- Born: 16 October 1881 Meanwood, Yorkshire, England
- Died: 16 January 1946 (aged 64)
- Occupations: British writer and scholar

= Robin Flower =

English poet and scholar

Robin Ernest William Flower (16 October 1881 – 16 January 1946) was an English poet and scholar, a Celticist, Anglo-Saxonist and translator from the Irish language. He is commonly known in Ireland as "Bláithín" (Little Flower).

==Life==

He was born at Meanwood in Yorkshire, and educated at Leeds Grammar School. His parents, Marmaduke and Jane, were from families with Irish ancestry. He was awarded a scholarship to study classics at Pembroke College, Oxford and graduated with first-class honours in 1904, before obtaining work as an assistant in the British Museum in 1906. It was during his early years at the museum that he began learning Irish, with the museum authorities supporting his study of the language in Ireland. He married Ida Mary Streeter in 1911.

He worked from 1929 as Deputy Keeper of Manuscripts in the British Museum and, completing the work of Standish Hayes O'Grady, compiled a catalogue of the Irish manuscripts there.

He wrote several collections of poetry, translations of the Irish poets for the Cuala Press, and verses on Blasket Island. He first visited Blasket in 1910, at the recommendation of Carl Marstrander, his teacher at the School of Irish Learning in Dublin; he acquired there the Irish nickname Bláithín. He suggested a Norse origin for the name "Blasket". Under Flower's influence, George Derwent Thomson and Kenneth Hurlstone Jackson made scholarly visits to Blasket.

After his death his ashes were scattered on the Blasket Islands.

==Works==

As a scholar of Anglo-Saxon, he wrote on the Exeter Book He identified interpolations in the Old English Bede, by Laurence Nowell. His work on Nowell included the discovery in 1934, in Nowell's transcription, of the poem Seasons for Fasting.

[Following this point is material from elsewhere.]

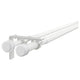 Looking to create a double-layer curtain set-up? This extendable white HUGAD and RÄCKA curtain rod combination includes 2 rods, 4 brackets for wall or ceiling mounting, 4 curtain rod holders and 4 finials.

He translated from the writings of Tomás Ó Criomhthain, his Irish language teacher on the Blasket Islands, and wrote a memoir, The Western Island; Or, the Great Blasket (1944), illustrated by his wife Ida. The essay collection The Irish Tradition (1947) is often cited, and was reprinted in 1994; it includes "Ireland and Medieval Europe", his John Rhŷs Memorial Lecture from 1927.